If we really want to get to a point where we can really literally have everyone's story told and widest possible breadth of stories, we're going to have to find a way as an industry to promote stories and allow people to live off the stories they're telling if they are stories we think we have to have in the world. That gets very complicated, and I'm not an economist, so I can't give you a solution. But I definitely see that as something we're going to have to figure out to get the maximum number of stories — especially if a lot of LGBTQ comics are going through self-publishing, like web comics, as opposed to a traditional publishing medium with advances, etc.

Anything you want to add that's central to you as an artist or Heartless as your creative work?

For me, at the end of the day, even though Heartless is a story that deals with some issues that caused me pain, it addresses problems in world. I first and foremost want it to be really fun; I want it to be just as exciting to pick up and read as going to a superhero movie or picking up your favorite schlocky novel (I love schlock).

I certainly don't think that's the the only way to write LGBT comics; I think every story should be told a bajillion different ways because people have a bajillion different tastes. Being who we are and just playing with characters who are like us but in really fun ways and are just exciting and enjoyable to read is something that I hope I'm doing and that I just love to see out there in the world.

If you could say anything to the young girls out there struggling with their identity or how to make a space in the world, what would you say?

There's already a big campaign called It Gets Better, but it really does.

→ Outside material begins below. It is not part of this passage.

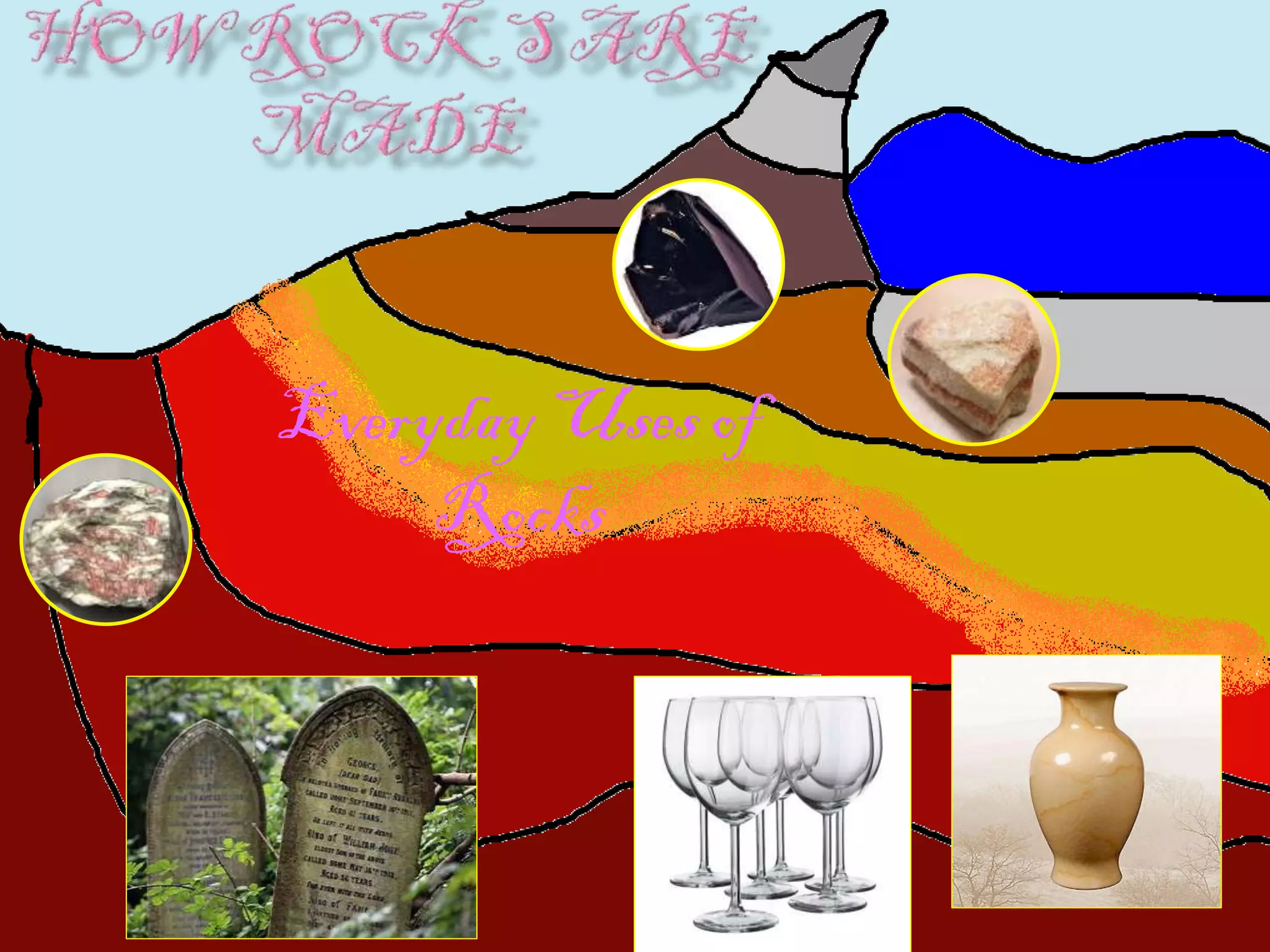 This document discusses the three main types of rocks: sedimentary, metamorphic, and igneous. Sedimentary rocks are formed from sediment layers over time, usually at the bottoms of lakes and oceans. Metamorphic rocks have been changed by extreme heat and pressure over time. Igneous rock forms as magma cools and solidifies, either above or below the Earth's surface. The document then lists everyday uses of each type of rock.

I know there are people who really enjoyed their teenage years, but for me it was a time that was pretty difficult, where I was still trying to figure out exactly who I am and what I was going to do with rest of life. And even though things didn't turn out exactly how I thought they were going to turn out, I really quite happy with where I am in life. I feel like if my young me looked at older me, she'd think she was really cool, and I'm really proud to be there. She might be a little confused about a few directions, but she'd still think she's pretty cool.

So if you're young and you're confused and the world seems like it's really big and like you're going to become someone when you've never had a blueprint for exactly how you're supposed to follow along or what your life is supposed to look like tomorrow or when you get older (with regards to orientation and with regards to whatever else is in life), I promise you will figure something out. You can find your own path; you can piece together yourself. And then when you get to the end, you can write a really cool stories about vampires that will help other people find the same path as they need to.